第16話


 ホイッスルの音。絶え間なく動き回っていた足を止めて、息を吸う。流石に今の試合はギリギリだったな。

 でも、これに勝てた今レギュラー入りはかなり近いんじゃないかな。


「お疲れ楓」

「はる」


 思わず上げた手のひらに、はるのそれが重なる。ぱちんと綺麗な音が響いて、思わず破顔する。はるも同じ気持ちみたいで、こめかみに流れる汗を拭きながら笑みを返してくれた。


「仕上がってるねー」

「えへへ、ありがとうございます」


 渡されたタオルを受け取って汗を拭く。今のはかなりいい試合が出来たと自分でも思う。じゃなきゃ弥生先輩のいるチームに勝てるなんて中々ないもん。目の前の弥生先輩はさっきの試合の良かったところを余すことなく伝えてくれる。試合をしながらそこまで一人一人を見ているのは流石としか言いようがない。
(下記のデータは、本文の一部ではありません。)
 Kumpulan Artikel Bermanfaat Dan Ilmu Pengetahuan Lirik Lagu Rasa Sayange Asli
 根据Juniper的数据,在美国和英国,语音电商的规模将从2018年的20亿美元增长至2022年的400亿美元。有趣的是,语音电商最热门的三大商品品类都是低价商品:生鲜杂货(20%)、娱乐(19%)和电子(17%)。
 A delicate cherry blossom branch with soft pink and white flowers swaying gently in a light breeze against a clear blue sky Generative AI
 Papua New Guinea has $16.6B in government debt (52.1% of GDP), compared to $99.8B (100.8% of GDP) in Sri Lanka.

「まあ何より、はると楓ちゃんの意思疎通力だよね。あそこで一瞬の迷いもなくはるにパス出来るのはもう経験値の賜物だわ」

「はるならあそこにいるだろうなってなんか分かるんですよね」

「こらそこー、アドバイスは片付け終わってからー」

「あ、はい!」


 呑気にど真ん中で話をしていたら彩香部長に怒られてしまった。今日はこの試合で終わりで、校門が閉まる前に片付けて出なくてはいけない。慌てて片付けに加わって元の状態へと戻していく。得点表を倉庫に戻している間にも色々な人にさっきのことを褒められる。


「はると楓はほぼほぼレギュラー決定だねー」

「いいなぁ私もずっと一緒にバスケしてる幼馴染みいたらなー」

「あはは」


 確かに、私一人だったらまだ難しかったかもしれないし、そもそもこんなに熱心に頑張れていたかもわからない。これに関してははると一緒に頑張ってきたからこそなのかもしれない。
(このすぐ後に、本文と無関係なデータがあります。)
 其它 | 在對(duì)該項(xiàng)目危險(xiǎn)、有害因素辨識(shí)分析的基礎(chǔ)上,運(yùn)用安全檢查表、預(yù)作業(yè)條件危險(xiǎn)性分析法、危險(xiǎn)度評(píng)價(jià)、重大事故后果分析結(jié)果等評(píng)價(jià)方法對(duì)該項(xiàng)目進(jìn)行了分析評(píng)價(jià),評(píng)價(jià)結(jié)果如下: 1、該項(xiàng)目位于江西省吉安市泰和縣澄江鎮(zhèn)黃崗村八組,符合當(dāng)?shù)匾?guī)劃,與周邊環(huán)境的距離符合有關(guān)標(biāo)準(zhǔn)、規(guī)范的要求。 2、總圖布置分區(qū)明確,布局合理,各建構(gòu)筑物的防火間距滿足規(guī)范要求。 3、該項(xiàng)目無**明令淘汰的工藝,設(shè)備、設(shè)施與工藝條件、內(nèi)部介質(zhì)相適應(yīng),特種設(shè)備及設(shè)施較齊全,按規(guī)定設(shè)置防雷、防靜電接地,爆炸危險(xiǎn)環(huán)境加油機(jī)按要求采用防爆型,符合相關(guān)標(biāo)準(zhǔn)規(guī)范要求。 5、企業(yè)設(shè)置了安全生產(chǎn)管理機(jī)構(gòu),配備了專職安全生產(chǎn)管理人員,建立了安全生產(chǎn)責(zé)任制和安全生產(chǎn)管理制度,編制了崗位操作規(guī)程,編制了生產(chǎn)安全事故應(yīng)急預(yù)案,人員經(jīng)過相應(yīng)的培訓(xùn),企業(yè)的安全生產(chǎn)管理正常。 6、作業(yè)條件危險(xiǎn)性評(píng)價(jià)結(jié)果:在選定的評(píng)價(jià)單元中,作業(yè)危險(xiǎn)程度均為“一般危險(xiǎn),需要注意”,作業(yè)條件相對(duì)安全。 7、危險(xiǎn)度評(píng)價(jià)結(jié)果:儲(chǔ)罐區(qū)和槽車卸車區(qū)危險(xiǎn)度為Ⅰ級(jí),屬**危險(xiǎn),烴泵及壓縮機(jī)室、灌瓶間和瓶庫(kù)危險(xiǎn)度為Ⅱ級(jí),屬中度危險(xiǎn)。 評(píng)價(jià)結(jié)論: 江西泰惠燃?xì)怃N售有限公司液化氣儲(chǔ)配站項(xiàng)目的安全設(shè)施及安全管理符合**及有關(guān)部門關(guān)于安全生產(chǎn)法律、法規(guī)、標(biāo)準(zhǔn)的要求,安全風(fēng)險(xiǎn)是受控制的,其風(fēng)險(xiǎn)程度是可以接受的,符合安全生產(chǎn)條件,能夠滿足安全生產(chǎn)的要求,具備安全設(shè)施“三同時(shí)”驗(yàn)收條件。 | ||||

 だとしたら、やっぱりはると一緒にレギュラーになれたら嬉しいな。


「はる」


 体育館を出て先を歩くはるに並ぶ。オレンジ色の夕日に照らされたはるが微笑む。まだ冷めきれない興奮を二人で分かち合いながら歩くのは、なんだか試合帰りを思い出す。今までだってこうやって何度も試合を振り返りながら帰ったっけ。


「あ」

「ん?」


 はるの目が私の後ろにある何かを見ていて、視線を追うように振り向けば下校している生徒がちらほらと見えた。校舎から出てくるその生徒の中に、美月らしき姿があった。


「美月……と、」


 そして美月の隣に、もう一人。背の高い男の人。あれって、この前美月にしつこく話しかけてた人だろうか。遠いせいで確信が持てないけど、大丈夫だろうか。はらはらとしながらその光景を見ていると、隣で小さな舌打ちが聞こえた。


「え、はる?」

「楓は先にあっち行ってて。 着替えてすぐ行くから」

「あ、そっか……分かった」


 荷物を全部はるに預けて、美月の元へと走る。近づくほど美月の表情が良く見えてきて、やっぱり少し嫌がっているように見えるのは勘違いかな。思わず大声で美月を呼べば、私を見つけた美月の目が大きく開く。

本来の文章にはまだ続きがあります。